We can do that using the merge function:
The basic syntax of merge is:
merge([data frame1], [data frame2], by.x = "[common_col_in_first_df]", by.y = "[common_col_in_second_df]")
We are saying below: ‘Join “data2015.16” and “pop” into a new data frame called “merged”, using the columns “LA.Code” and “CODE.”‘
#bring in population data pop <- read.csv("pop.csv") #merge the data with my existing data frame merged <- merge(data2015.16, pop, by.x = "LA.Code", by.y = "CODE")

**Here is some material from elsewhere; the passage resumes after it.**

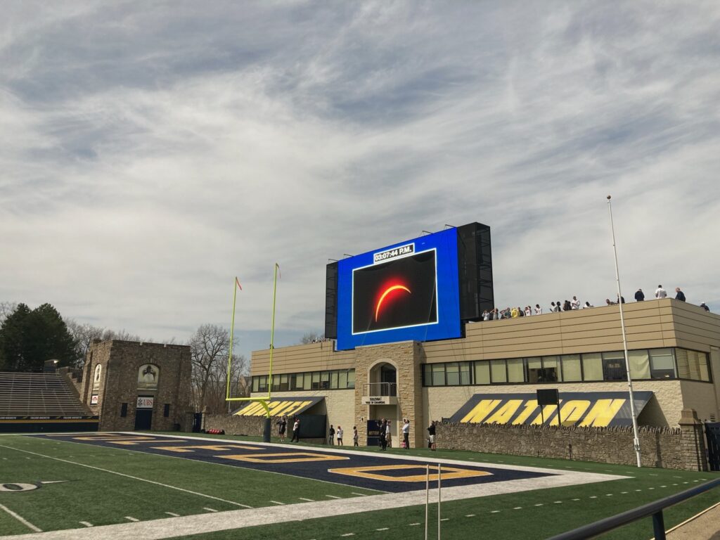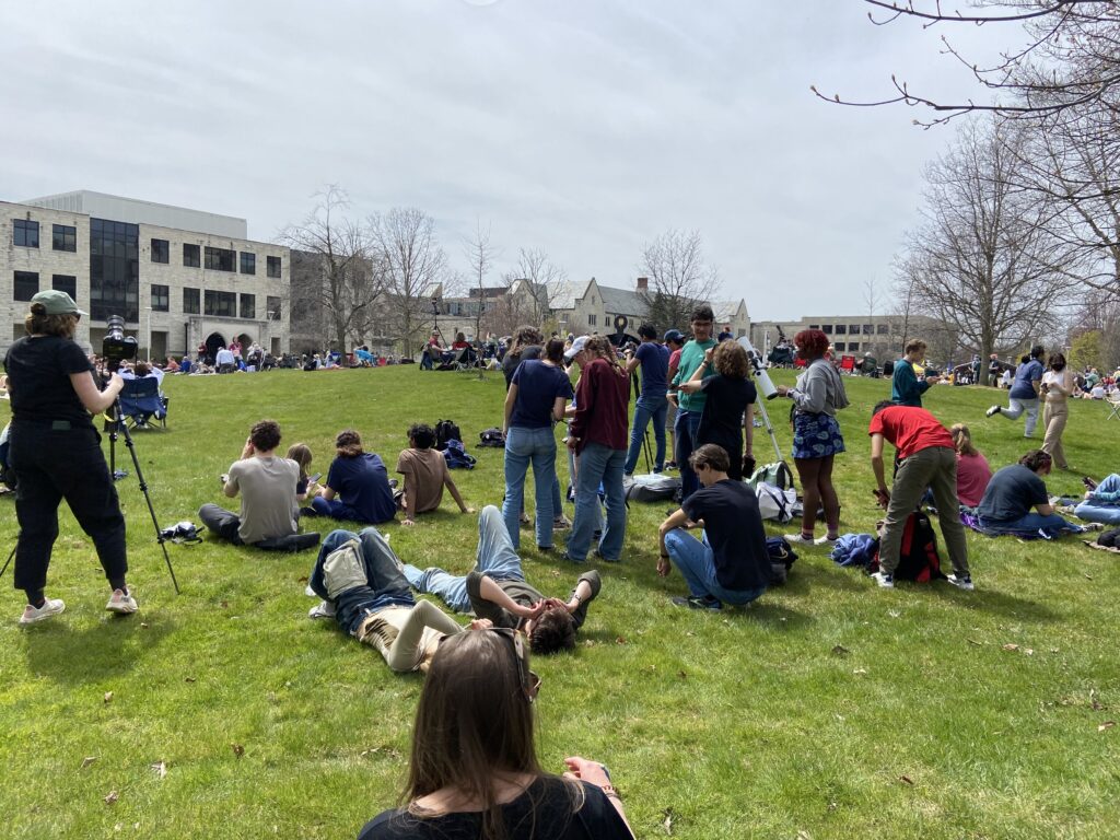 The event drew a diverse crowd of students, faculty and community members, all eager to witness this extraordinary spectacle together. Emma Allen, a student who attended the event, described the atmosphere: “I had never seen Centennial Mall so crowded before, and there were a lot of families there, besides students … Some people were in chairs or sitting on picnic blankets and most people had eclipse glasses on.”
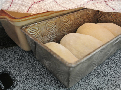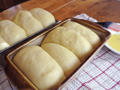 If all goes well your dough will double in bulk and will rise to the top of your loaf pans. Beat an egg and add a tablespoon of water. Brush it over the tops of your loaves to make them golden brown and pretty.

Calling str() on merged at this point shows our ages are in there:
> str(merged) 'data.frame': 95 obs. of 6 variables: $ LA.Code : Factor w/ 97 levels "E06000001","E06000002",..: 1 2 3 4 5 6 7 8 9 10 ... $ Local.Authority: Factor w/ 97 levels "Bath and North East Somerset",..: 31 45 64 76 16 29 85 3 4 36 ... $ year : chr "X2015.16" "X2015.16" "X2015.16" "X2015.16" ... $ journeys : num 4.7 8.3 3.9 8.5 6.2 5.6 6.9 4 10.8 23 ... $ NAME : Factor w/ 429 levels "Aberdeen City",..: 164 221 278 346 89 154 388 25 26 189 ... $ ALL.AGES : int 92493 139509 135275 194803 105389 126528 207695 146846 139578 258995 ...
Now let’s work out per capita:
To get this, we’ll divide the number of journeys by population. As the journeys are in millions, we’ll need to multiply that figure by 1,000,000 first.
merged$per.capita <- (merged$journeys*1000000)/merged$ALL.AGES
Let’s isolate the regions again:
> regions <- grep("E12",merged$LA.Code) > regions <- merged[regions, ] > regions LA.Code Local.Authority year journeys 87 E12000001 North East X2015.16 180.1 88 E12000002 North West X2015.16 433.8 89 E12000003 Yorkshire and The Humber X2015.16 329.7 90 E12000004 East Midlands X2015.16 197.7 91 E12000005 West Midlands X2015.16 343.6 92 E12000006 East of England X2015.16 181.6 93 E12000007 London X2015.16 2292.6 94 E12000008 South East X2015.16 353.1 95 E12000009 South West X2015.16 217.3 NAME ALL.AGES per.capita 87 NORTH EAST 2624621 68.61943 88 NORTH WEST 7173835 60.46975 89 YORKSHIRE AND THE HUMBER 5390576 61.16230 90 EAST MIDLANDS 4677038 42.27034 91 WEST MIDLANDS 5751000 59.74613 92 EAST 6076451 29.88587 93 LONDON 8673713 264.31587 94 SOUTH EAST 8947913 39.46172 95 SOUTH WEST 5471180 39.71721
Like we did when looking at house prices in Leeds, we’ll order the data per capita, smallest to largest:
regions$Local.Authority <- factor (regions$Local.Authority, levels = regions$Local.Authority [order(regions$per.capita)])
OK, let’s plot a bar graph to see whether London still stands out:
p <- ggplot(regions, aes(x = Local.Authority, y = per.capita)) + geom_bar(stat="identity") + ggtitle("Bus journeys per head") + labs(x = "Region",y = "Journeys per person, 2015/16") #reduce label size labelss <- c("East","SE","SW","East Mids", "West Mids","NW","Yorkshire & Humber","NE","London") #formatting p + scale_x_discrete(labels = labelss) + theme(plot.title = element_text(size = 58), axis.text.y = element_text(size = 24), axis.text.x = element_text(size = 20), axis.title = element_text(size = 26))
Analysis:
Adjusting for population is in fact a better way to show the point from my previous post.
I can’t say why Londoners take the bus more often than the rest of the country.
To be sure, the population density plays a large part. But the West Midlands and the South East, for example, are largely densely populated areas with a fraction of the bus use of the capital.
To compare like with like as best as possible, you could refer back to the ‘per ITA’ tab on the original spreadsheet. You’ll see that London still has more than twice as many journeys per head as any other densely populated major urban area in England.
I could have gone with urban areas from the beginning, but it needed some tinkering to get it in the correct format. For the purposes of merge, it was easier to use regions. But the points are still valid: buses shouldn’t just serve big cities. And even the cities they do serve are nowhere close to London.
If it is true that buses are more available in London, then I’m hopeful that devolution will see the rest of the country catch up with the capital. They are after all, a useful way of getting around.